# covenant of grace, covenant of promise



## timfost (Apr 22, 2015)

I've been reading in the Westminster Larger Catechism and am wondering if there is a difference between the "covenant of grace" (31) and the "covenant of promise" (166)?

Thanks in advance!


----------



## Contra_Mundum (Apr 23, 2015)

No, same basic reference. The latter terminology is a direct link to Eph.2:12; with Gal.3:17, Heb.8:6.


----------



## timfost (Apr 24, 2015)

Wonderful. Next question: In the WLC 31, if the covenant is made with Christ and the elect, how do non-elect covenant children fit in? 

(I'm asking this question primarily to Westminster/Heidelberg adherents, not Baptist adherents. Thanks in advance for understanding.)


----------



## Peairtach (Apr 24, 2015)

timfost said:


> Wonderful. Next question: In the WLC 31, if the covenant is made with Christ and the elect, how do non-elect covenant children fit in?
> 
> (I'm asking this question primarily to Westminster/Heidelberg adherents, not Baptist adherents. Thanks in advance for understanding.)



None of us knows infallibly who the elect/regenerate are, although we are taught that we can know our own true calling and hence election. 

Therefore the covenant can't be administered by kirk sessions discerning who is elect ( or more properly regenerate because you could be elect but as yet unregenerate), but according to a credible profession of faith by adults and according to the birth into the covenant administration of those professing adults' children.

Sent from my HTC Wildfire using Tapatalk 2


----------



## Contra_Mundum (Apr 25, 2015)

timfost said:


> Wonderful. Next question: In the WLC 31, if the covenant is made with Christ and the elect, how do non-elect covenant children fit in?
> 
> (I'm asking this question primarily to Westminster/Heidelberg adherents, not Baptist adherents. Thanks in advance for understanding.)



We distinguish between possessing the "substance" of covenant inclusion, and being party to (earthly) "administration" of the covenant. The former is governed by election, invisible, and _administered_ exclusively by the Holy Spirit (the true Vicar of Christ). The latter is governed by external judgment, is visible, and administered by the church.

It is *desirable* for all persons, and only those persons, to be party to BOTH substance and administration.
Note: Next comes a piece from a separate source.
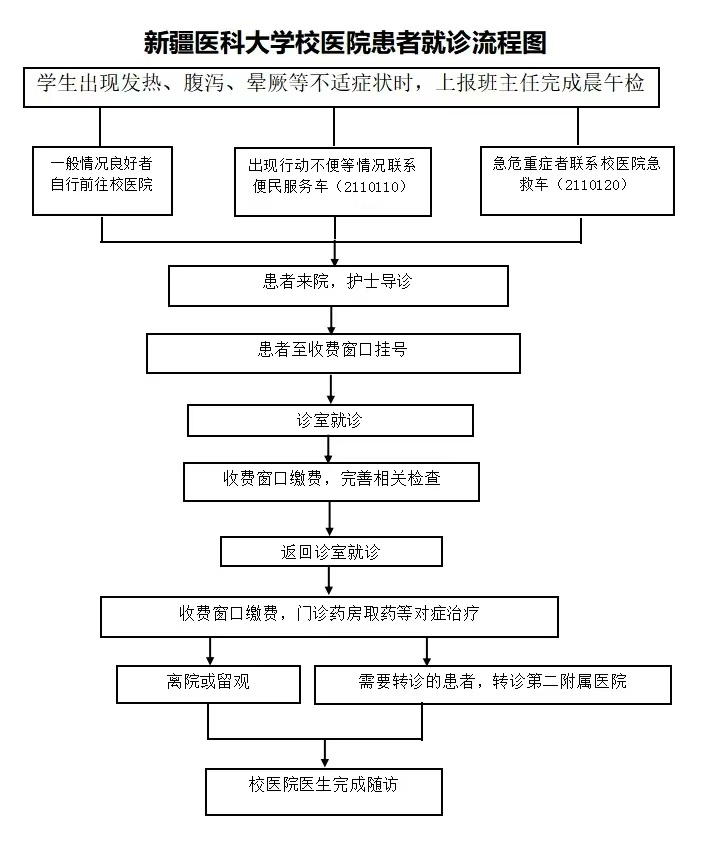 (4)若就诊学生病情复杂需转诊上级医院,医生会根据病情详细告知患者相关事宜,并联系班主任,由我院急救车转诊至beat365中文官方网站第二附属医院进一步诊治,或根据患者意愿自行前往上级医院进行就诊,接诊医生完成后期随访工作。
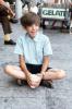 Boy with brown hair sitting on a sidewalk

We are not in heaven yet, and do not have divine omniscience; therefore we _function_ in the church exclusively according to divine warrant. The inevitable result of our human limitations are some who possess the substance are excluded from the particular blessings that accompany earthly, churchly administration; and some who only (ever) are party to the external administration of the covenant through the church are included, though they are reprobate in fact.
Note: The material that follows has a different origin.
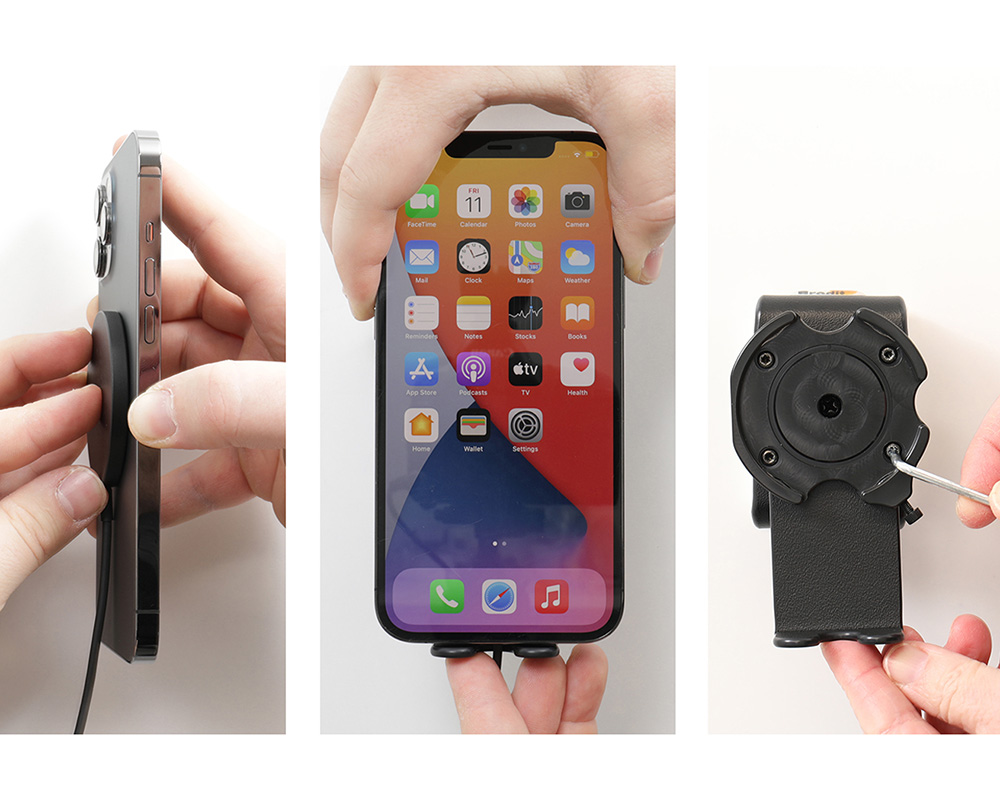 Denna Brodit Magsafe-laddare för iPhone passar dig som vill kombinera laddning, bekvämlighet och en snygg installation i bilen. Observera att produkten inte är kompatibel med MagSafe-enheter som används med ett vanligt skal eller skin utan en särskild MagSafe-ring. För bästa resultat monteras hållaren på en ProClip monteringsplattform.

Being a member within the covenant ONLY by oath, and not by heart, is an evil and tragic occasion. The claim made is FALSE, but *not* MEANINGLESS. Heb.12:25, "See that you do not refuse Him who speaks. For if they did not escape who refused Him who spoke on earth, much more shall we not escape if we turn away from Him who speaks from heaven."


----------



## timfost (Apr 25, 2015)

Wonderful answer. Thank you. 

So is the difference between the covenant of grace and the covenant of redemption simply with whom the covenant is made (the former between the Father and the church, the second with the Father and the Son)?


----------



## Contra_Mundum (Apr 25, 2015)

The intra-Trinitarian covenant of redemption (CoR) is only perceptible to us refracted through the lens of the covenant of grace (CoG). We see, as children might, the Father and the Son covenanting with each other (Is.49) in self-referential love and perfect satisfaction with one another. And then we come to know that the subject of their designs is our redemption, our enjoyment of God forever in the midst of that universe of love.
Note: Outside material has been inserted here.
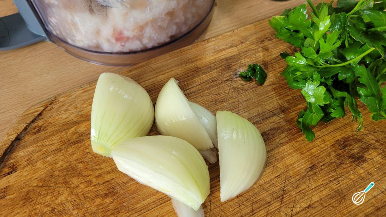 Descasque e corte a cebola em pedaços menores, apenas para facilitar na hora de bater.

The CoG is just that expression of the eternal mind of God which is finally directed toward particular human beneficiaries. Because it must come to us through the Person of Christ, it is said to first be made with him.


----------



## Peairtach (Apr 25, 2015)

timfost said:


> Wonderful answer. Thank you.
> 
> So is the difference between the covenant of grace and the covenant of redemption simply with whom the covenant is made (the former between the Father and the church, the second with the Father and the Son)?



Although they are interlocking the Covenant of Redemption ("Pactum Salutis" ) and Covenant of Grace can be distinguished from each other. In the Covenant of Redemption, the Son is in covenant with the Father to fulfil His will as the last Adam on behalf of the elect on the principle of works, by fulfilling the law perfectly for them and making a perfect atonement for their sin.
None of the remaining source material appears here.